-- Data records --
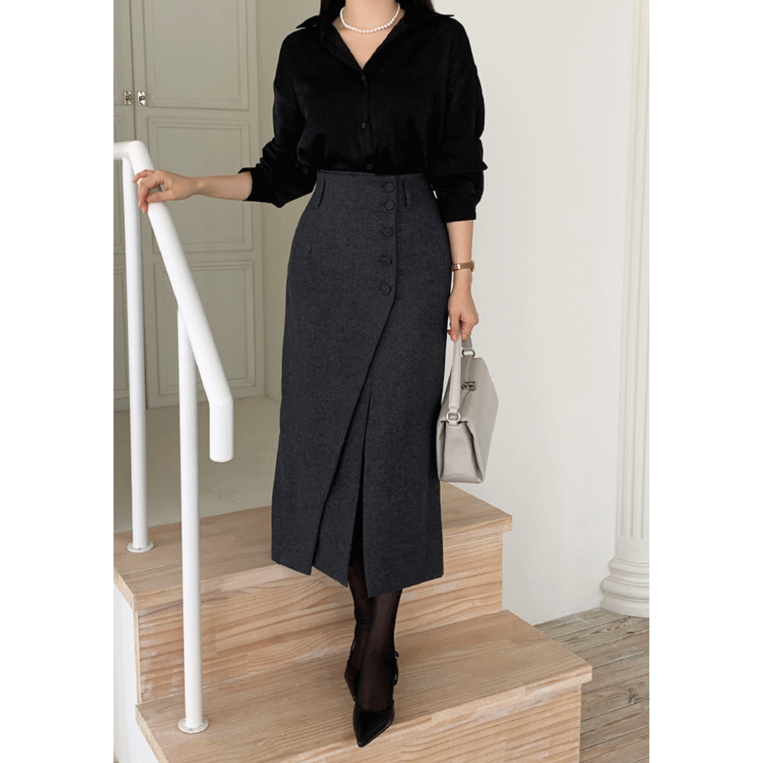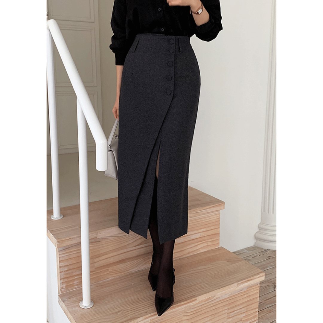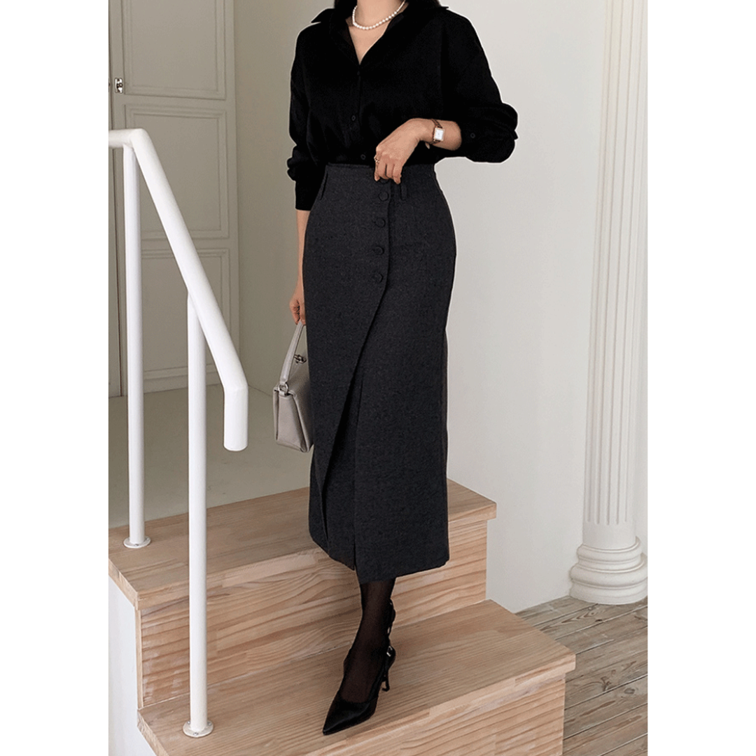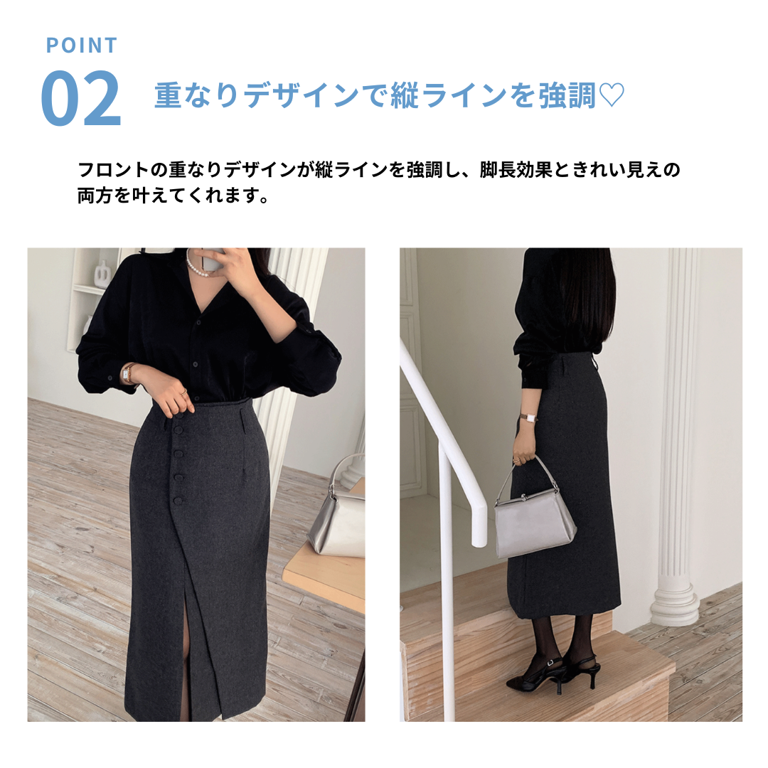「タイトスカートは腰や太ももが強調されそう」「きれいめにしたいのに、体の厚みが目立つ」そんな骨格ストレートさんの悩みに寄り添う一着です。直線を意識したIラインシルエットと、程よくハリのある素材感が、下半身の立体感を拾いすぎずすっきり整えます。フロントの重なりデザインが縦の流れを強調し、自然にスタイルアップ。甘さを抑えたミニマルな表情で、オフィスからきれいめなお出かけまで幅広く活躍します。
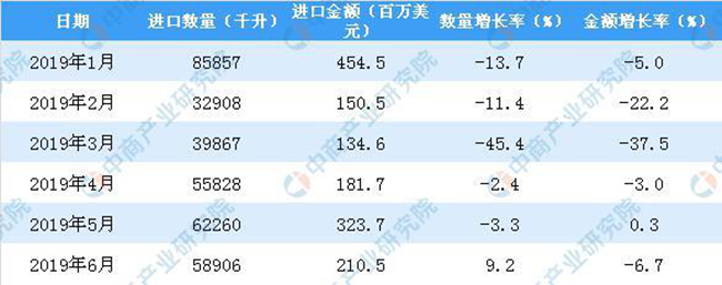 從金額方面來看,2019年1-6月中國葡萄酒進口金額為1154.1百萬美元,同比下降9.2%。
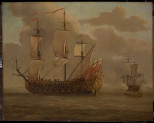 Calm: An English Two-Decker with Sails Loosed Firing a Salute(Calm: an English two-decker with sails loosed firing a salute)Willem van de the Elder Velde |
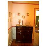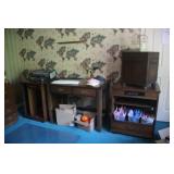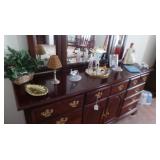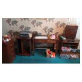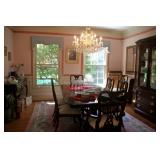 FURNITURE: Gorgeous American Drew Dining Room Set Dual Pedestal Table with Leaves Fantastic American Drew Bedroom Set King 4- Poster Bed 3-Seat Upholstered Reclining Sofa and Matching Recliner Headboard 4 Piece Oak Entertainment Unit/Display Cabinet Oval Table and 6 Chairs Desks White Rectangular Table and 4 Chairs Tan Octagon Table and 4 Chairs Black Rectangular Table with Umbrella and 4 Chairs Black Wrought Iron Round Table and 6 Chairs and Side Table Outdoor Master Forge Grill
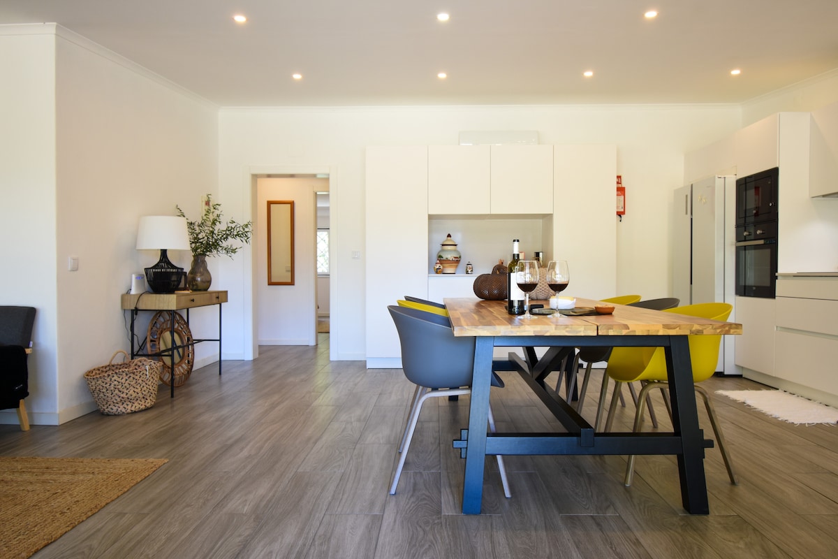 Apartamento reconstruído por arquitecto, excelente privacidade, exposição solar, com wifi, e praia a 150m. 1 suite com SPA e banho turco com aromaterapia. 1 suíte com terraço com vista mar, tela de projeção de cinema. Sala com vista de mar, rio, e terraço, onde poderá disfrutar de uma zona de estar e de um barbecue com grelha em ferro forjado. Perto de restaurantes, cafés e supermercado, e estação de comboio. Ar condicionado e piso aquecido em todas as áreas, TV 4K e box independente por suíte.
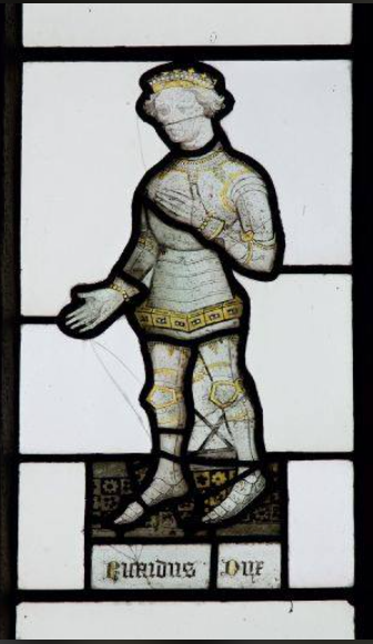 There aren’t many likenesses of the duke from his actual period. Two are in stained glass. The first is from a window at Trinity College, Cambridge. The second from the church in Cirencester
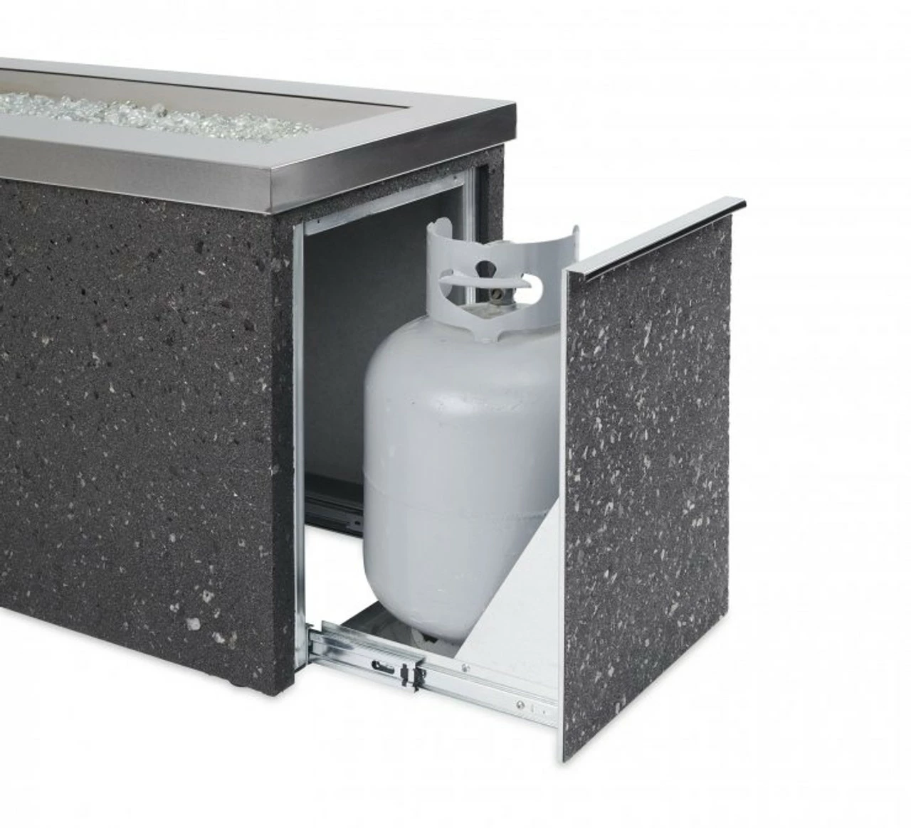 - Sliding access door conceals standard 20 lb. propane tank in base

-- Brief --
Take every record and copy it word for word, dropping the pictures.

-- Output --
「タイトスカートは腰や太ももが強調されそう」「きれいめにしたいのに、体の厚みが目立つ」そんな骨格ストレートさんの悩みに寄り添う一着です。直線を意識したIラインシルエットと、程よくハリのある素材感が、下半身の立体感を拾いすぎずすっきり整えます。フロントの重なりデザインが縦の流れを強調し、自然にスタイルアップ。甘さを抑えたミニマルな表情で、オフィスからきれいめなお出かけまで幅広く活躍します。
 從金額方面來看,2019年1-6月中國葡萄酒進口金額為1154.1百萬美元,同比下降9.2%。
 Calm: An English Two-Decker with Sails Loosed Firing a Salute(Calm: an English two-decker with sails loosed firing a salute)Willem van de the Elder Velde |
 FURNITURE: Gorgeous American Drew Dining Room Set Dual Pedestal Table with Leaves Fantastic American Drew Bedroom Set King 4- Poster Bed 3-Seat Upholstered Reclining Sofa and Matching Recliner Headboard 4 Piece Oak Entertainment Unit/Display Cabinet Oval Table and 6 Chairs Desks White Rectangular Table and 4 Chairs Tan Octagon Table and 4 Chairs Black Rectangular Table with Umbrella and 4 Chairs Black Wrought Iron Round Table and 6 Chairs and Side Table Outdoor Master Forge Grill
 Apartamento reconstruído por arquitecto, excelente privacidade, exposição solar, com wifi, e praia a 150m. 1 suite com SPA e banho turco com aromaterapia. 1 suíte com terraço com vista mar, tela de projeção de cinema. Sala com vista de mar, rio, e terraço, onde poderá disfrutar de uma zona de estar e de um barbecue com grelha em ferro forjado. Perto de restaurantes, cafés e supermercado, e estação de comboio. Ar condicionado e piso aquecido em todas as áreas, TV 4K e box independente por suíte.
 There aren’t many likenesses of the duke from his actual period. Two are in stained glass. The first is from a window at Trinity College, Cambridge. The second from the church in Cirencester
 - Sliding access door conceals standard 20 lb. propane tank in base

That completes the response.